The partnership with Mazagon Dock Shipbuilders gives the project a strong defence-industrial dimension. MDL is a major Indian shipbuilder involved in naval platforms, and its support for academic testing infrastructure shows how public-sector defence industry can help create long-term national capability. Instead of treating research as separate from production, the collaboration links student training, experimental science, industrial design and future shipbuilding needs.

The facility is expected to create practical training opportunities for students, faculty members and researchers working in ocean engineering and allied fields. This is especially important because maritime engineering requires hands-on exposure. Students who test models, observe flow patterns, study drag, analyse propeller behaviour and compare experimental results with numerical simulations become better prepared for real ship design and marine technology work.

India’s maritime sector needs this talent pipeline. The country is investing in ports, inland waterways, shipbuilding, coastal infrastructure, naval modernisation, offshore energy and undersea systems. Each of these areas requires specialised engineers who understand both theory and physical testing. IIT Madras’ new facility can help produce such talent while supporting industry-linked research.

The next stage of collaboration may be even larger. IIT Madras and Mazagon Dock are exploring future initiatives in advanced maritime and naval technologies, including the proposed HYDRA Centre, a large-scale hydrodynamic testing facility featuring a 500-metre towing tank. They are also examining research on indigenously developed high-efficiency multistage thermoelectric subzero refrigeration systems for naval submarines and small vessels.

The proposed towing tank is especially important. Large towing tanks allow ship models to be pulled through water under controlled conditions to measure resistance, propulsion behaviour, manoeuvring characteristics and wave-making effects. Such infrastructure can support advanced ship design, offshore engineering and naval architecture studies at a much larger scale than small laboratory setups.

The refrigeration research angle also shows how maritime innovation extends beyond hulls and propellers. Naval submarines and small vessels require reliable thermal-management systems, especially for equipment, crew comfort and mission endurance. Indigenous refrigeration technology for naval platforms can reduce dependency, improve maintainability and support India’s wider self-reliance goals in defence technology.
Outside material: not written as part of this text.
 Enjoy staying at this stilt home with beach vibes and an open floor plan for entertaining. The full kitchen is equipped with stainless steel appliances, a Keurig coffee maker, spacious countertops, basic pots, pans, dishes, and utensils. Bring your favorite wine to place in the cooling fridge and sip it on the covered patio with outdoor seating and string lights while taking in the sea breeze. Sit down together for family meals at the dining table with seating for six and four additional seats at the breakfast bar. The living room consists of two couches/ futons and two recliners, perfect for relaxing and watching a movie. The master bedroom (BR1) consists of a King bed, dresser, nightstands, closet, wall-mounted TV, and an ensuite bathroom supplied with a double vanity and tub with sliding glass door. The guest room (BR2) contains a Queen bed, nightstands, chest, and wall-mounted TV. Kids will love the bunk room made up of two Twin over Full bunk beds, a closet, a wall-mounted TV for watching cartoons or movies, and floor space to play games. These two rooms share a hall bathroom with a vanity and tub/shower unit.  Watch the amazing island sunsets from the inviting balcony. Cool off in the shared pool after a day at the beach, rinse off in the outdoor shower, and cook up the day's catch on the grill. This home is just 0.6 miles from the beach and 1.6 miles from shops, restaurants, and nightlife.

The wider significance of the new facility lies in India’s Aatmanirbhar Bharat vision for the maritime sector. Indigenous capability does not emerge only from final assembly lines. It grows from laboratories, test rigs, measurement systems, modelling facilities, trained engineers, design validation and industry-academic collaboration. A water tunnel may look like a technical facility, but it is actually part of the foundation on which future Indian ship designs, marine systems and naval technologies can be built.
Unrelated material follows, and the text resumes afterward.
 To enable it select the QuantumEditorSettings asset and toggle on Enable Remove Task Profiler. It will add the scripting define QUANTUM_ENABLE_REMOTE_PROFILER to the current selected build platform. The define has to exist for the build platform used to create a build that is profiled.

For IIT Madras, the launch reinforces its role as one of India’s strongest ocean engineering hubs. For Mazagon Dock, it creates a channel to advanced research and future talent. For India, it strengthens the domestic knowledge base needed for maritime security, industrial growth and blue economy development.

The new Circulating Water Tunnel facility is therefore more than a campus addition. It is a small but important piece of India’s larger maritime transformation — a move from dependence on external testing and imported design confidence towards domestic experimentation, indigenous validation and technology development rooted in Indian institutions.